How to understand the first parameter in Flask instance init?

Question

When create a Flask instance , we always use __name__ as the first arguments, but why?

class flask.Flask(import_name, static_path=None, static_url_path=None,static_folder='static', template_folder='templates', instance_path=None, instance_relative_config=False)

The official document says that first parameter is used to find resource,how?

Answer 1

__name__ should not always be used as the first argument particularly if the application is in a package instead of a single module, then its 'usually recommended to hardcode the package name' in order to simplify debugging with the Flask-SQLAlchemy extension for example. For reference see the section on 'About the First Parameter' in http://flask.pocoo.org/docs/0.10/api/.

In the case when using a package there is a way to avoid hardcoding the package name with a special configuration which forces __name__ to resolve to the package name as desribed in Larger Applications. First, note that a Python package is not simply a directory containing modules which are Python source files; it must also contain an __init__.py file (except for Python3 namespace packages). One function of __init__.py files is to prevent unintentional namespace conflicts as mentioned in An Introduction to Python: Section 6.4. In the case of flask, its convenient to define a flask app in a package's __init__.py in order to enable use of __name__ since in that case it resolves to the package name which is identical to the package's base directory name and has a file attribute with which its absolute pathname can be determined. A working flask/Python3 project demonstrating this configuration is available at flaskdemo.

Regarding understanding the first parameter in flask instance initialization, first of all if its missing and there are no remaining arguments, then when attempting to run the flask app it immediately fails with "TypeError: __init__() missing 1 required positional argument: 'import_name'". Second, if a nonexistent pathname is provided for it, then the application's and its resources root is set to the cwd (current working directory) and attempts to access resources would fail unless they are in the cwd which is not necessarily always the case and a limitation anyway.

Further details can be obtained by examining the flask sources, particularly app.py as well as helpers.py. In an Anaconda3 installation they are located in Lib\site-packages\flask. From a brief review, what I found is that class Flask is defined in app.py and its __init__ method begins with:

def __init__(self, import_name, static_path=None, static_url_path=None,
                 static_folder='static', template_folder='templates',
                 instance_path=None, instance_relative_config=False):
    _PackageBoundObject.__init__(self, import_name, template_folder=template_folder)
...

class _PackageBoundObject is defined in helpers.py and it has an open_resource() function that returns open(os.path.join(self.root_path, resource), mode) where

self.root_path = get_root_path(self.import_name)

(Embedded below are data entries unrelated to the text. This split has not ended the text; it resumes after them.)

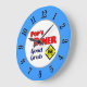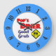 Esta cocina dice que el reloj dice "Diner" del Pop buen grub en letras retro rojas y azules con una hamburguesa en amarillo. Los números son negros en una cara exterior azul. Un restaurante retro que anuncia el tema del arte para ti o para tu cocinero de corto orden favorito. Haga clic en Personalizar para cambiar los colores de fondo y más.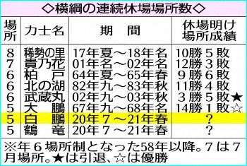 年6場所となった1958年以降、36歳を過ぎて土俵に上がった横綱は37歳で引退した吉葉山と白鵬のみ。幕内在位は100場所目を迎え、横綱在位は81場所。体力の衰えとともにケガの回復も遅くなることは否めない。師匠は「今場所はどうしても出ないといけないと思ってやった結果。本人が一番悔しい。手術をして再起を懸ける」と代弁したが、入門して20年の第一人者に最大の危機が訪れた。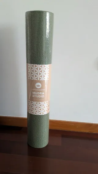 Novo Tapete de yoga da marca Lotuscrafts, modelo Mudra Studio. Cor verde. - Textura antiderrapante.

The root in root_path refers to 'the path of a package or the folder that contains a module'. get_root_path goes though a series of attempts to resolve it starting with the module name if its available and has a file attribute. In all cases absent exceptions it returns an absolute pathname which defaults to cwd if it has not been already been resolved with a module name whenpkgutil.get_loader(import_name) == None or import_name == '__main__', which happens when running a flask app interactively instead of from a file.

Answer 2

The import name is used to resolve the directory where the Flask application is installed (see the get_root_path function in flask/helpers.py). This makes it possible for things like render_template, send_static_file, and relative file paths in config to resolve to files in the application's folder without needing a file path to be provided.

Consider an extremely simple Python app without this functionality:

simple_app.py

print("Running simple_app")

with open('the-folder/simple.file', 'r') as f:
    for line in f:
        print(f)

simple.file

Hello
World!

And a directory structure looking like this:

some-path/
    simple-app/
        simple_app.py
        the-folder/
            simple.file

If we start Python while our current working directory is simple-app/ everything will work just fine:

simple-app$ python simple_app.py
Running simple_app
Hello
World!

But if we move up one folder and try again:

some-path$ python simple-app/simple_app.py
Traceback (most recent call last):
IOError: [Errno 2] No such file or directory: 'the-folder/simple.file'

The same thing happens when we move down one folder. However, if we could get the location of simple_app.py on the file system, we could then os.join the directory in which simple_app.py was installed with the-folder/simple.file

with open(os.join(SIMPLE_APP_DIR, 'the-folder/simple.file', 'r') as f:

And our working directory wouldn't matter, since we would always be dealing with an absolute path. This is what Flask does, and this is why it needs the __name__ passed in.

Answer 3

It is explained in the Quick Start section of docs.

http://flask.readthedocs.org/en/latest/quickstart/#a-minimal-application

Quoting from the docs

The first argument is the name of the application’s module or package. If you are using a single module (as in this example), you should use __name__ because depending on if it’s started as application or imported as module the name will be different (__main__ versus the actual import name). This is needed so that Flask knows where to look for templates, static files, and so on.